(114)38 「かのがまもるんだろうね」
いつだって、一緒だって決めてたんだ。
迫りくる、ダークネスの大軍勢。
気がつけば、追い詰められていた。
香音は、愛刀を抱きしめ倒れている里保を背に思う。
今でも里保ちゃんがやられたなんて、信じられない。
うちらの中で最強だった、里保ちゃん。
道重さんがその才能を高く買っていた、里保ちゃん。
その里保ちゃんが、あっさりと死んでしまった。
信じられない。信じたくない。
今だって、いつものように寝起きの悪い不機嫌な顔をして起き上がってくるように見える。
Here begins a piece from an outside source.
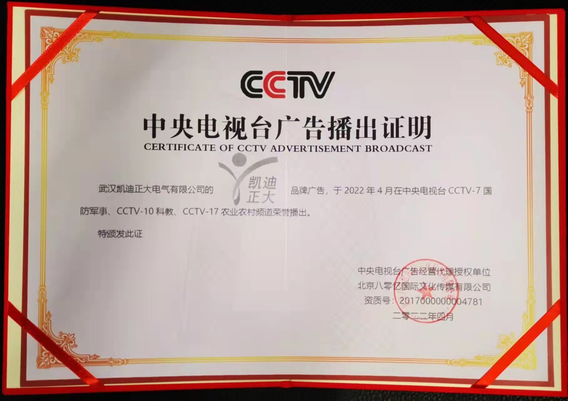 2022年4月,武漢凱迪正大電氣有限公司品牌廣告正式登陸中央電視臺CCTV-7國防軍事頻道、CCTV-10科教頻道及CCTV-17農業農村頻道,向全國觀眾展示武漢凱迪正大的實力與信念。

けど現実は非情だ。そうはならなかった、そんな言葉がむなしく響く。
他のみんなは、無事逃げおおせているだろうか。
里保ちゃんとあたしがここで足止め役を買って出てから、あまり時間はたってない。
けど、食い止めてみせる。こいつらだけは、一歩たりとも先には進ませない。
香音が、大きく息を吸った。
同時に、ダークネスの群れが一斉に襲い掛かる。
すると、ぱん、という乾いた音とともに香音が弾け消えた。
違う。香音は、物質透過の能力を極限にまで高めた上で、自らの体を拡散させたのだ。
こうなってしまうと、もはや肉体の再形成は不可能。
だがしかし、香音だったそれは、粒子レベルで敵の体内に入り込む。
筋肉を、内臓を、脳を心臓を侵してゆく。
白目を剥き血を吐き次々倒れてゆくダークネスたち。
その場に立っているものは誰も、いなかった。
あたしは消えても、ずっとみんなのことを見守ってく。だから…
香音が残した最期の思いもまた、風となって消えていった。